ACTIVITY = Under this line is a listing; return exactly the lines starting at the one with "Súprava kuchynských spotrebičov" and running down to the one with "Elevador de cangilones/transportador", and leave out its pictures.

SOURCE MATERIAL =
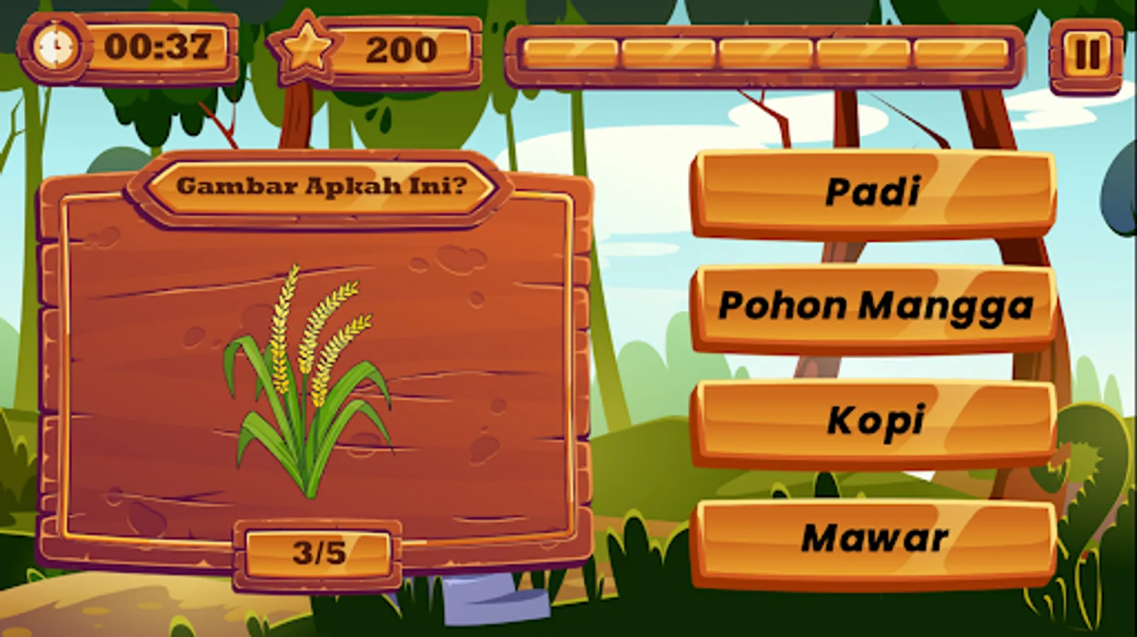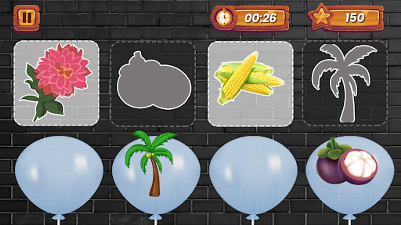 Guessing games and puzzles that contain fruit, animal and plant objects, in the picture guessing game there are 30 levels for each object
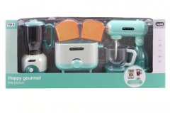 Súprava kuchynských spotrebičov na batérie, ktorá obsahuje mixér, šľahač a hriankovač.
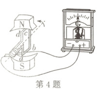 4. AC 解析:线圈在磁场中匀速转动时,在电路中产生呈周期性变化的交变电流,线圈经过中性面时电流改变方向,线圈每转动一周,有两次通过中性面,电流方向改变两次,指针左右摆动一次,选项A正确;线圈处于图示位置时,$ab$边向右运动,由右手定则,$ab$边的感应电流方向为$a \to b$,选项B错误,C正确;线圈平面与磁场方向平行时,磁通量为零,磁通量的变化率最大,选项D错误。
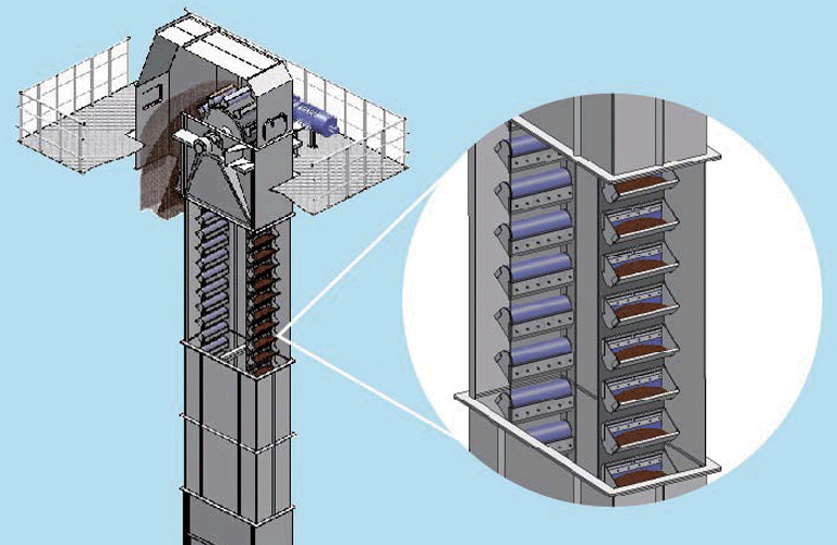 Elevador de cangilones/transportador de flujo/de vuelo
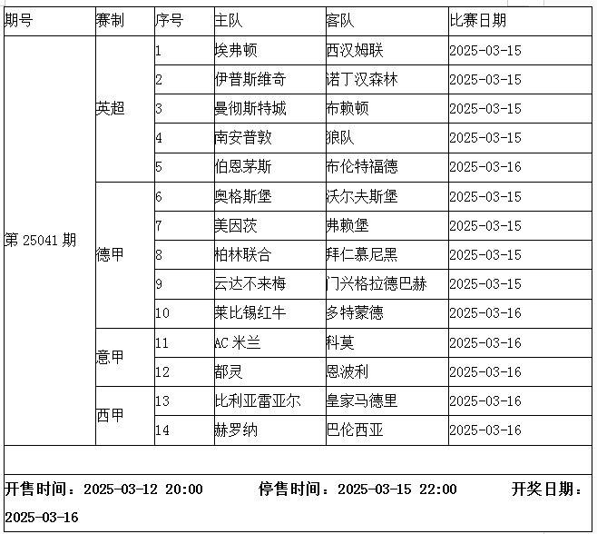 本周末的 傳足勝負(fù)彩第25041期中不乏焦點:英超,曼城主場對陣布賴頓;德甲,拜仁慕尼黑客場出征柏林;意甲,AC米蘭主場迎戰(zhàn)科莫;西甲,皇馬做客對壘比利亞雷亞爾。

FINISHED EXERCISE =
 Súprava kuchynských spotrebičov na batérie, ktorá obsahuje mixér, šľahač a hriankovač.
 4. AC 解析:线圈在磁场中匀速转动时,在电路中产生呈周期性变化的交变电流,线圈经过中性面时电流改变方向,线圈每转动一周,有两次通过中性面,电流方向改变两次,指针左右摆动一次,选项A正确;线圈处于图示位置时,$ab$边向右运动,由右手定则,$ab$边的感应电流方向为$a \to b$,选项B错误,C正确;线圈平面与磁场方向平行时,磁通量为零,磁通量的变化率最大,选项D错误。
 Elevador de cangilones/transportador de flujo/de vuelo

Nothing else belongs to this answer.